Aquilegia kamelinii

Scientific classification
- Kingdom: Plantae
- Clade: Tracheophytes
- Clade: Angiosperms
- Clade: Eudicots
- Order: Ranunculales
- Family: Ranunculaceae
- Genus: Aquilegia
- Species: A. kamelinii
- Binomial name: Aquilegia kamelinii Erst, Shaulo & Shmakov

= Aquilegia kamelinii =

- Genus: Aquilegia
- Species: kamelinii
- Authority: Erst, Shaulo & Shmakov

Species of flowering plant

Aquilegia kamelinii is a perennial flowering plant in the family Ranunculaceae, native to northeastern China and the Russian Far East.

==Description==
Aquilegia kamelinii is a perennial herbaceous plant growing to 25–40 cm. The stems are erect, branched at the top, and smooth or covered with simple and glandular hairs, with the remains of previous years' leaves at the base. The basal leaves are 12–20 cm long, smooth, and ternate or biternate, with downy stalks measuring 6–15 cm. The leaflets are egg-shaped and slightly pointed, with 2–7 rounded teeth along the edge. The flowers are drooping, covered with downy hairs, and measure 3–3.5 cm long by 2.5–4 cm across. The sepals are oval, 1.5–2.5 cm long, and blue or lilac-blue. The petals are purple or lilac-blue and 2–2.5 cm long, with thin, truncated nectar spurs measuring 1–1.5 cm in length. The stamens extend beyond the petals and are 3–5 mm long.

==Taxonomy==
Aquilegia kamelinii was formally described by the Russian botanists Andrey S. Erst, Dmitry N. Shaulo, and Alexander I. Shmakov in 2013, from a type specimen collected on 4 July 1981 from rocks on the bank of the Amur River near Ignashino, Skovorodinsky District, Amur Oblast, on the Russian border with China. It is a stable species of hybrid origin, intermediate between Aquilegia viridiflora, Aquilegia borodinii, and Aquilegia turczaninowii. It is also closely related to Aquilegia hebeica. However, there is some doubt that molecular evidence supports its classification as a separate species rather than as a part of the A. viridiflora species complex.

===Etymology===
The specific epithet kamelinii honours the Russian botanist Rudolf Kamelin, for his contributions to botanical genetics, taxonomy, and other areas of botanical science.

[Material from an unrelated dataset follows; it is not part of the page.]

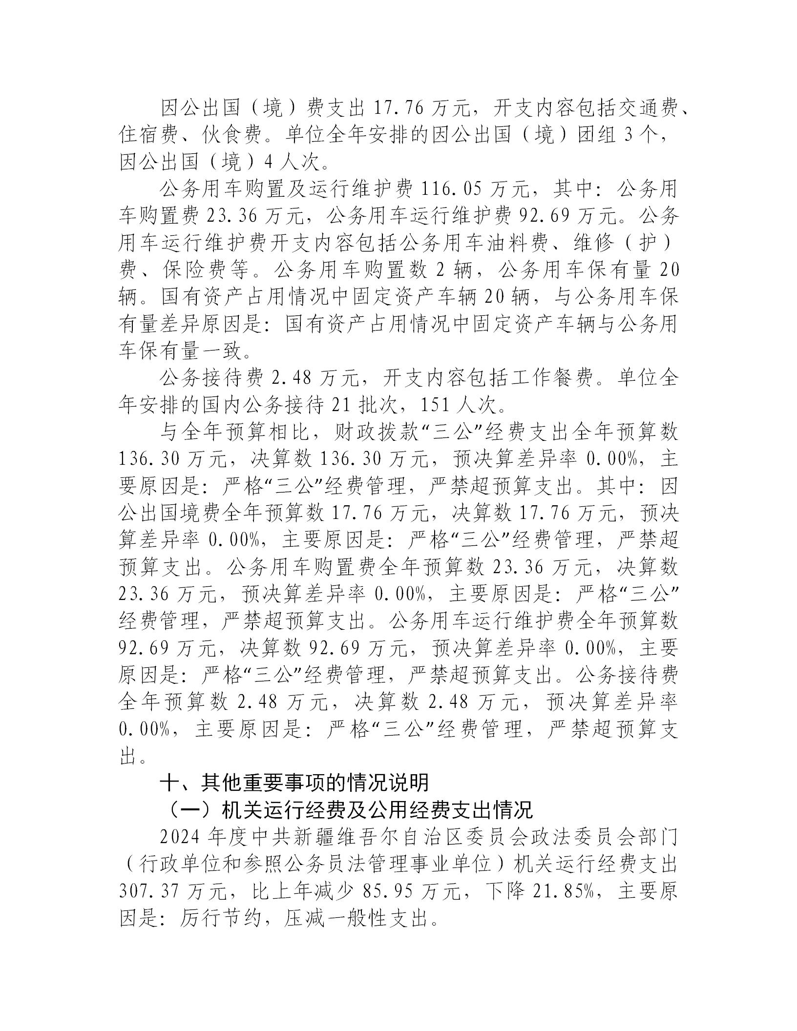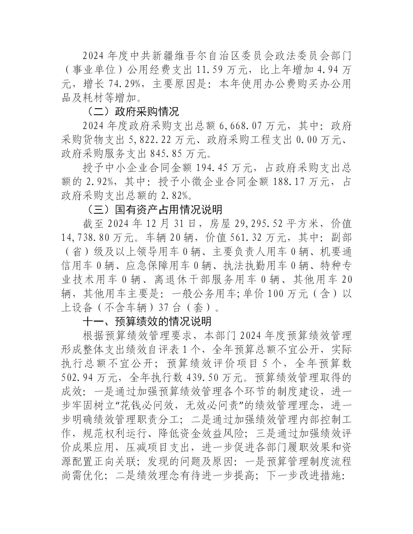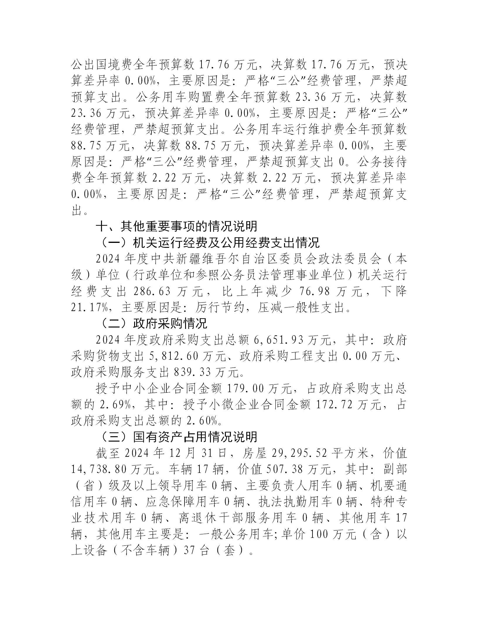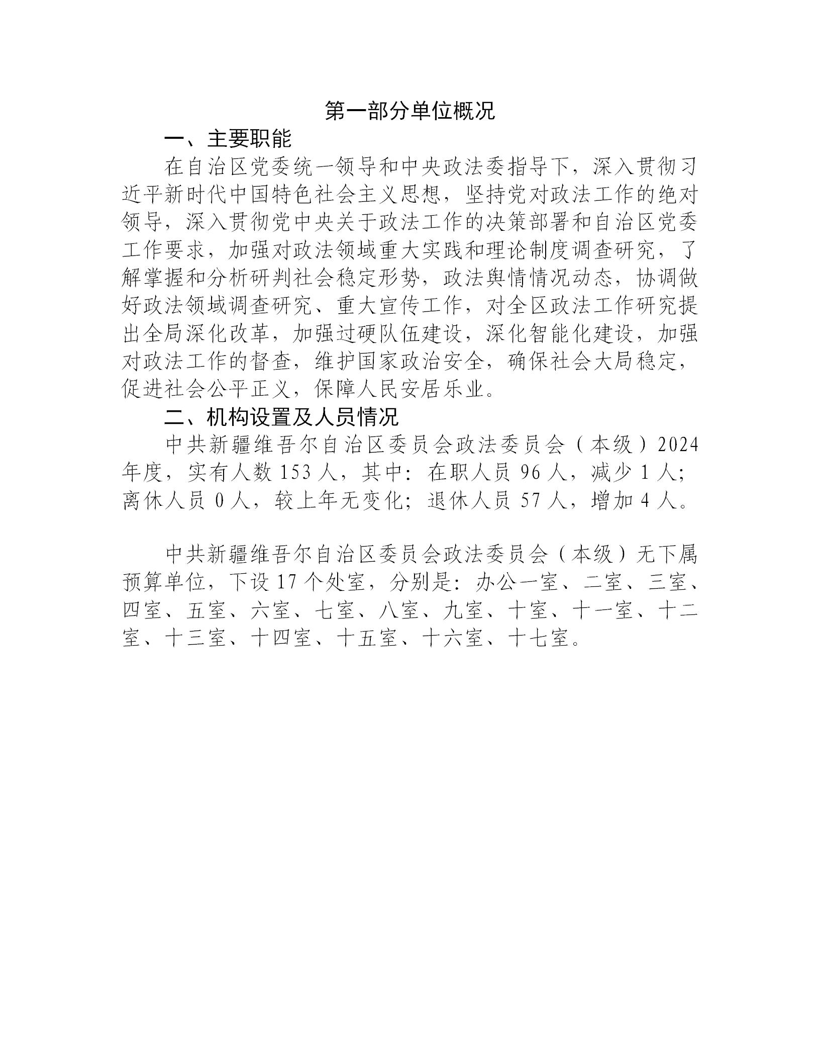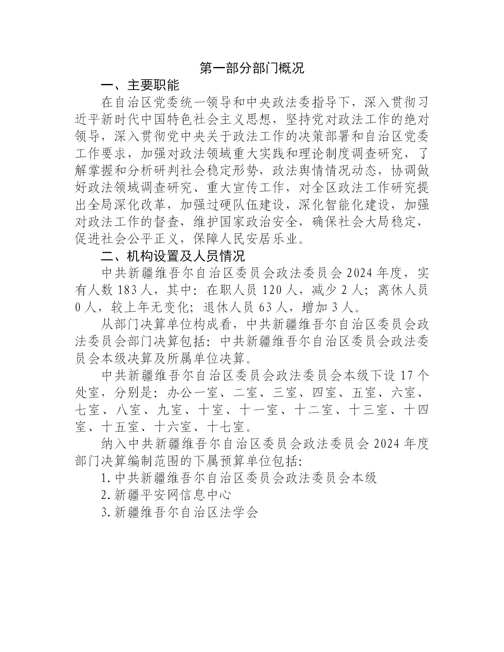 中共新疆维吾尔自治区委员会政法委员会2024年度部门决算公开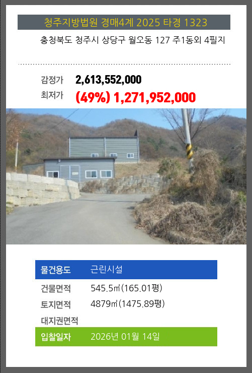 사건번호 2025 타경 1323 본건은 충청북도 청주시 상당구 월오동 127 주1동외 4필지소재하는 근린시설경매 물건의 포스팅입니다. 건물면적 [ 545.5㎡ (165.01평) ]토지면적 [ 4879㎡ (1475.89평) ] 시세를

==Distribution and habitat==
Aquilegia kamelinii grows on rocky outcrops along the banks of the stretch of the Amur River that forms the border between Amur Oblast in Russia and Heilongjiang Province in China. There is also a specimen, collected in 1930 and later identified as A. kamelinii, from Acheng, Harbin, further south in Heilongjiang.

==Conservation==
As of January 2025, the species has not been assessed for the IUCN Red List.